For me I like to understand how dataset for training is setup and how it is loaded for training?

When I look at the code, I saw this line of code

imdb = get_imdb(imdb_name) from train_faster_rcnn_alt_opt.py and it calls factory.py inside datasets folder.

factory.py has

for year in ['2007', '2012']:
    for split in ['train', 'val', 'trainval', 'test']:
        name = 'voc_{}_{}'.format(year, split)
        __sets[name] = (lambda split=split, year=year: pascal_voc(split, year))

# Set up coco_2014_<split>
for year in ['2014']:
    for split in ['train', 'val', 'minival', 'valminusminival']:
        name = 'coco_{}_{}'.format(year, split)
        __sets[name] = (lambda split=split, year=year: coco(split, year))

# Set up coco_2015_<split>
for year in ['2015']:
    for split in ['test', 'test-dev']:
        name = 'coco_{}_{}'.format(year, split)
        __sets[name] = (lambda split=split, year=year: coco(split, year))

def get_imdb(name):
    """Get an imdb (image database) by name."""
    if not __sets.has_key(name):
        raise KeyError('Unknown dataset: {}'.format(name))
    return __sets[name]()

def list_imdbs():
    """List all registered imdbs."""
    return __sets.keys()

I am wondering how training data for this imdb name voc_2007_trainval is loaded for training?

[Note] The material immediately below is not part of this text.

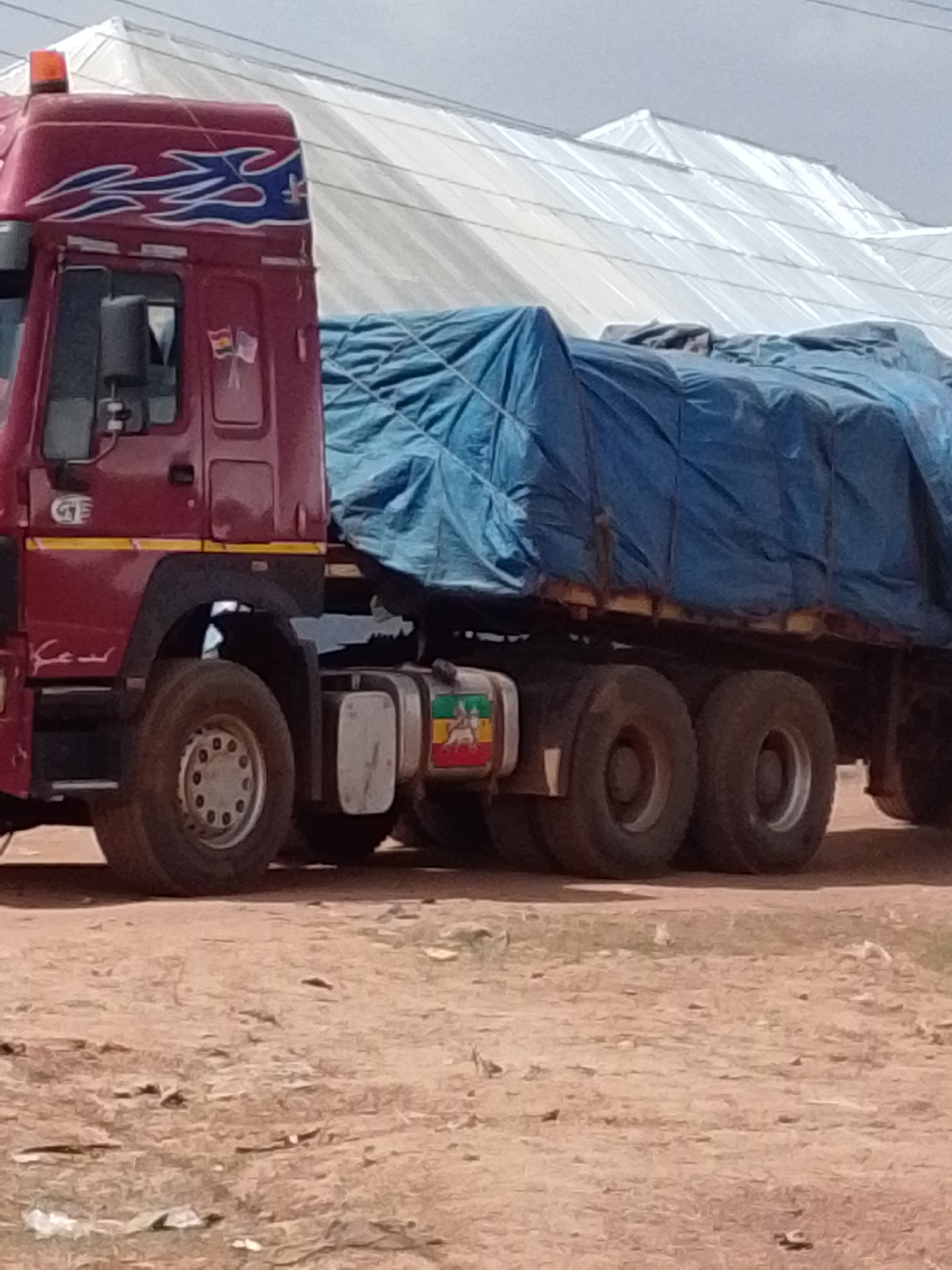 A burgundy tractor-trailer is parked on a dirt surface. The trailer is covered with a blue tarp. The tractor has a decorative blue and white design on the top, as well as flags on the door. The locati…read more

EDIT: When I print __sets[name]() inside def get_imdb(name):, I see the following.

p __sets[name]()
<datasets.pascal_voc.pascal_voc object at 0x7fc937383ed0>

What does that mean?


Solution

  • Now I understood. lib/datasets/factory.py has

    def get_imdb(name):
        """Get an imdb (image database) by name."""
        if not __sets.has_key(name):
            raise KeyError('Unknown dataset: {}'.format(name))
        return __sets[name]()
    

    __sets[name] calls

    for year in ['2007', '2012']:
        for split in ['train', 'val', 'trainval', 'test']:
            name = 'voc_{}_{}'.format(year, split)
            __sets[name] = (lambda split=split, year=year: pascal_voc(split, year))
    

    Since we set --imdb voc_2007_trainval in the training command, what it does is that the program can load the images stated inside trainval file in data/VOCdevkit2007/VOC2007/ImageSets/Main/trainval.txt file.

    If we set --imdb voc_2007_train then train.txt will be used. All images are inside JPEGImages folder and annotations are in Annotations folder.